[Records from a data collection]
•••

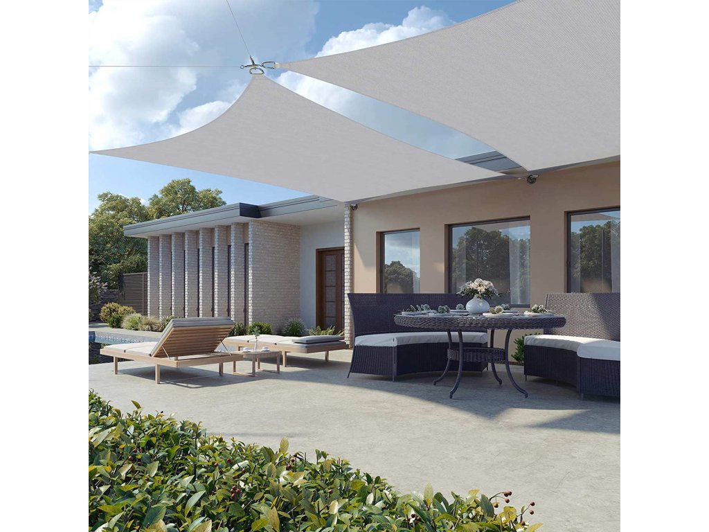 Nastavte plachtu: až vám v létě bude na terasu svítit slunce a vy budete muset ustupovat s rakovinově červenou kůží, bude čas na vhodnou ochranu před sluncem. Stylovou alternativou markýz je tato sluneční plachta o rozměrech 3 x 4 m, která odpuzuje 85 % slunečních paprsků a je propustná pro vodu a vzduch.Nejlepší příprava proti větru: obdélníková markýza je vyrobena z odolného plastu HDPE (180 g/m²). Konkávní tvar plachty a mírně elastický materiál výrazně snižují riziko poškození i při silném větru.Strom, zeď domu, oblouk růže? Jako upevňovací body pro tuto markýzu jsou uvažovány různé stabilní objekty. K upevnění plachty se používají 4 robustní polyesterové smyčky, 4 nerezové kroužky a 2 m dlouhá lana. Vrtačku tak můžete bez obav nechat v garáži.
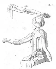 The interior also contained a pegboard chess board connected to a pantograph-style series of levers that controlled the model's left arm. The metal pointer on the pantograph moved over the interior chessboard, and would simultaneously move the arm of the Turk over the chessboard on the cabinet. The range of motion allowed the operator to move the Turk's arm up and down, and turning the lever would open and close the Turk's hand, allowing it to grasp the pieces on the board. All of this was made visible to the operator by using a simple candle, which had a ventilation system through the model.[15] Other parts of the machinery allowed for a clockwork-type sound to be played when the Turk made a move, further adding to the machinery illusion, and for the Turk to make various facial expressions.[16] A voice box was added following the Turk's acquisition by Mälzel, allowing the machine to say "Échec!" (French for "check") during matches.[4]
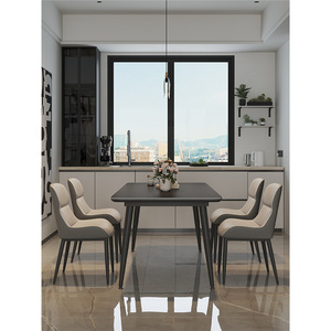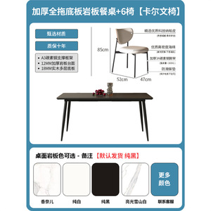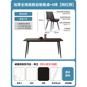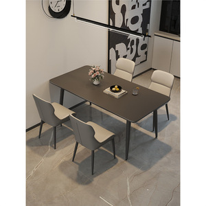 全拖岩板餐桌家用小户型餐厅现代简约长方形饭桌黑色岩板桌子餐桌
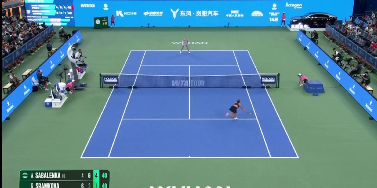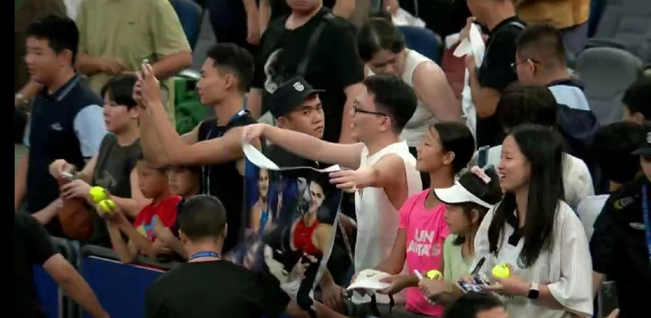 2025武网|女单第二轮,美网后首次亮相的世界第一萨巴伦卡以4-6 6-3 6-1逆转斯拉姆科娃,卫冕首战涉险过关。作为赛会三冠王,她也将在武网的连胜扩大到了18场。 本场比赛萨巴伦卡首盘状态慢热,受美网后休养影响,未能适应斯拉姆科娃的球路,以4-6先丢一盘。第二盘她迅速调整,凭借强势进攻掌控节奏,以6-3扳平比分;决胜盘更是完全占据主动,仅让对手拿到1局,最终以6-1锁定胜局。 本场比赛观众席上挥舞虎妞应援图案的球秘相当多,可见萨巴伦卡在华球迷数量很多,上座率挺高! 接下来,萨巴伦卡将和萨姆索诺娃隔网相对争夺八强席位。
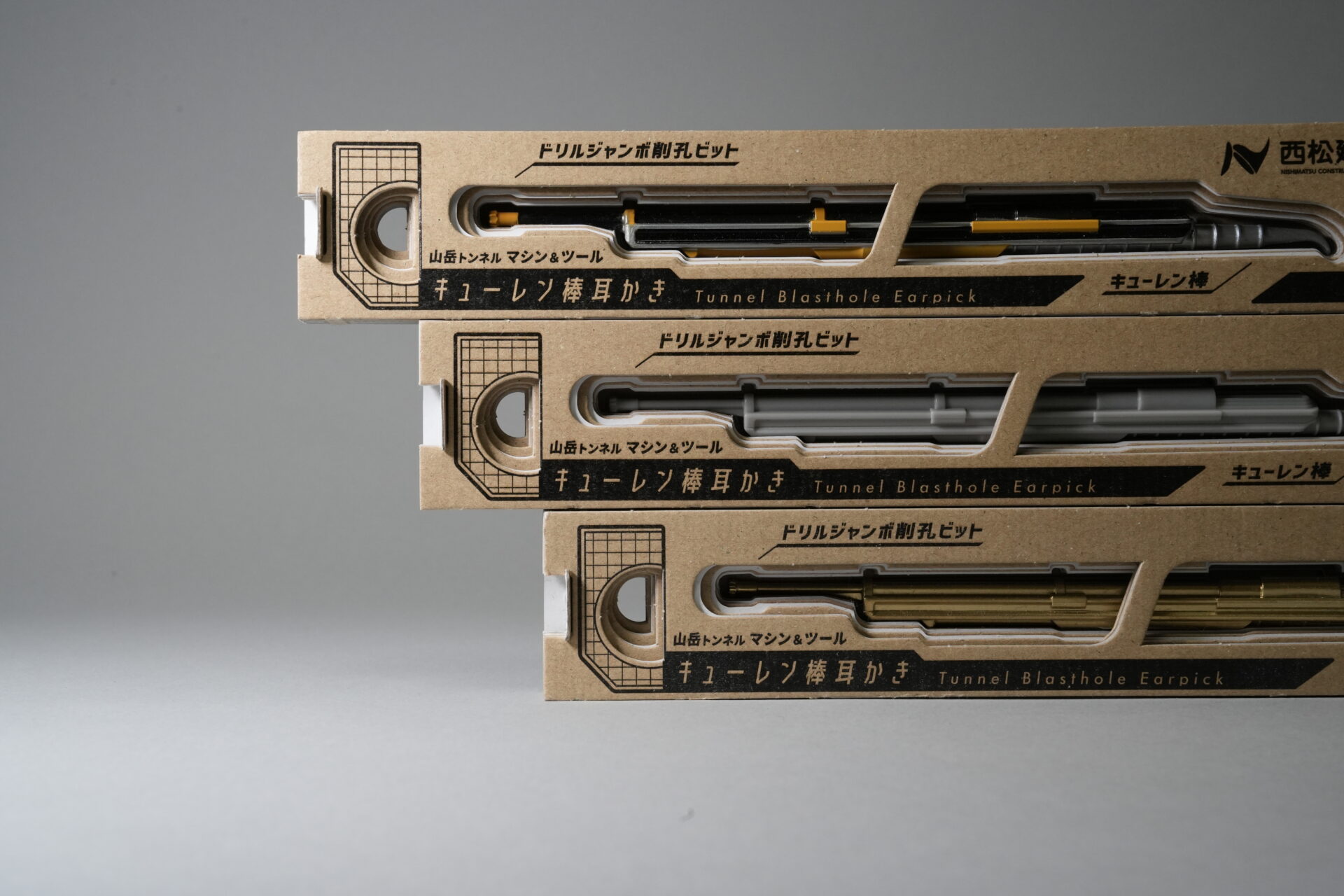 西松建設株式会社様 不破原トンネル啓蒙活動ノベルティー 「キューレン棒耳かき」 現役トンネルマン完全監修 山岳トンネルのマストアイテム キューレン棒とドリルジャンボがFUSIONしました オリジナルカラーでご相談いただけます フック穴はトンネルです 企画 TOKYO.lab 制作 ヨンテンゴデザイン室 監修 西松建設株式会社
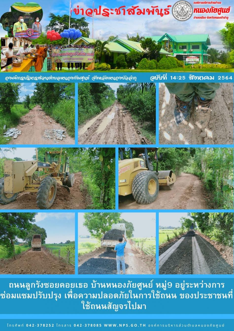 ถนนลูกรังซอยคอยเธอ บ้านหนองภัยศูนย์ หมู่9 อยู่ระหว่างการซ่อมแซมปรับปรุง เพื่อความปลอดภัยในการใช้ถนน ของประชาชนที่ใช้ถนนสัญจรไปมา [25 สิงหาคม 2564]
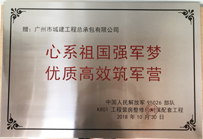 K801營房工程榮譽(yù)獎牌
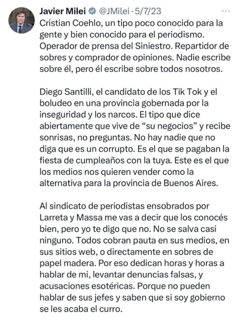 “Diego Santilli, el candidato de los TikTok y el boludeo en una provincia gobernada por la inseguridad y los narcos. El tipo que dice abiertamente que vive de “su negocio” y recibe sonrisas, no preguntas. No hay nadie que diga que no es un corrupto. Es el que pagaban la fiesta de cumpleaños con la tuya. Este es el que los medios nos quiere vender como la alternativa para la provincia de Buenos Aires”, despotricó Milei contra el dirigente pelirrojo.
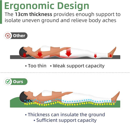 - 【Durable, Weather-resistant Nylon&TPU】Sleeping mat built with tear-resistant nylon and seam-sealed TPU, this mat durable, moisture, and UV exposure. Perfect for hikes, backpacking, tent camping, car travel, picnic, guest use, lunch break, courtyard rest etc. Let adventure not be limited by weather and location.Don't be afraid of hiking in rainy days. If it gets wet, you can wipe it with a dry cloth, and if it gets dirty, wipe it with a wet towel.
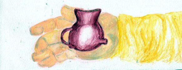 He is looking through the family treasures in the cart, the cradle and the blanket … and what is this little jar?
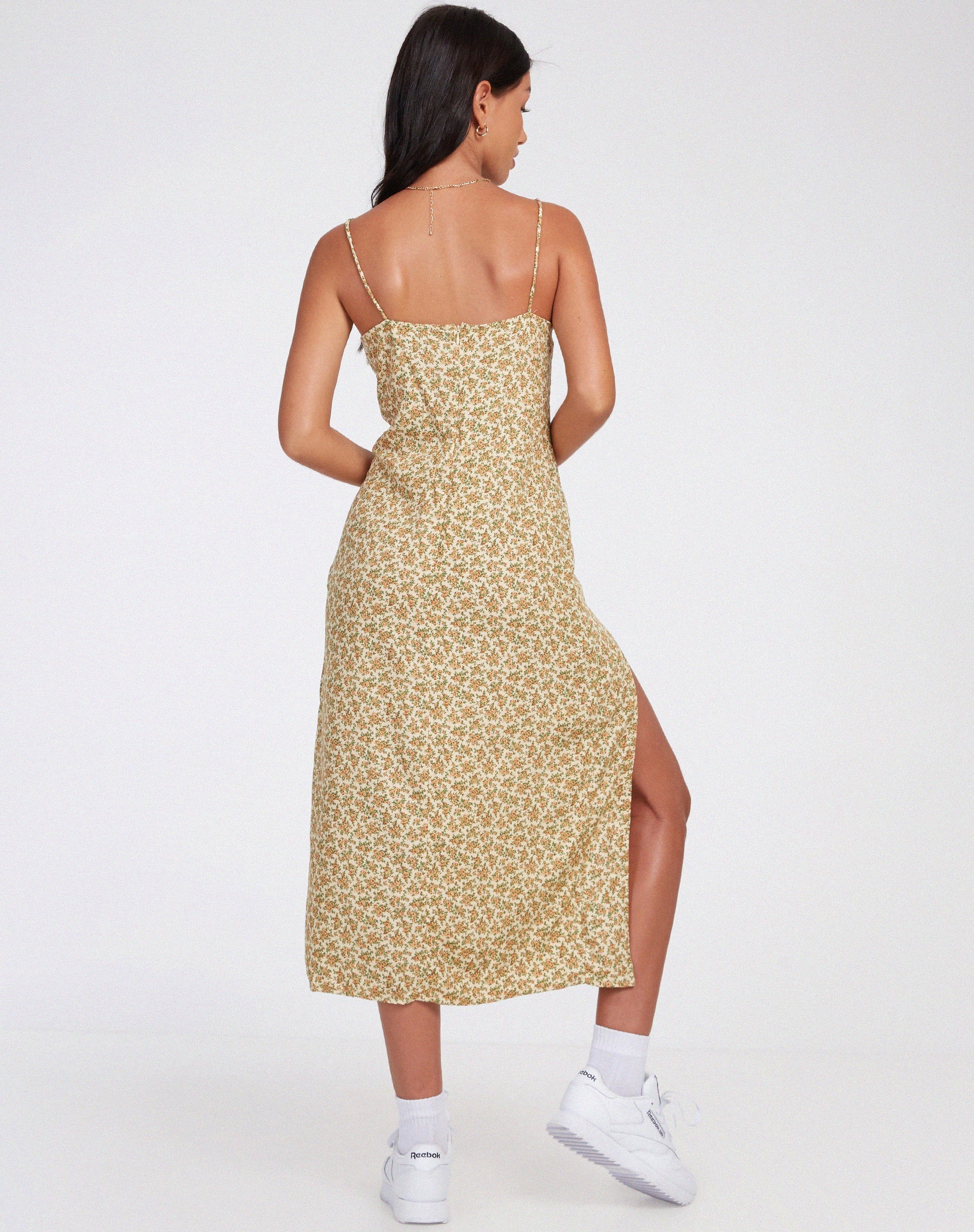 De jurk geschikt voor de zomer. In een lichtgele printheeft het een vierkante halslijn, dunne bandjes, verstelbare strikbandjes, een hoge beenuitsnijding aan de zijkant en een midi model. Maak de look af met een paar witte sportschoenen.

•••

→ **What to do**
Looking at the records above, extract only the lines from the one with "- 【Durable, Weather-resistant" through the last line, exactly, with the pictures left out.

→ **Written answer**
 - 【Durable, Weather-resistant Nylon&TPU】Sleeping mat built with tear-resistant nylon and seam-sealed TPU, this mat durable, moisture, and UV exposure. Perfect for hikes, backpacking, tent camping, car travel, picnic, guest use, lunch break, courtyard rest etc. Let adventure not be limited by weather and location.Don't be afraid of hiking in rainy days. If it gets wet, you can wipe it with a dry cloth, and if it gets dirty, wipe it with a wet towel.
 He is looking through the family treasures in the cart, the cradle and the blanket … and what is this little jar?
 De jurk geschikt voor de zomer. In een lichtgele printheeft het een vierkante halslijn, dunne bandjes, verstelbare strikbandjes, een hoge beenuitsnijding aan de zijkant en een midi model. Maak de look af met een paar witte sportschoenen.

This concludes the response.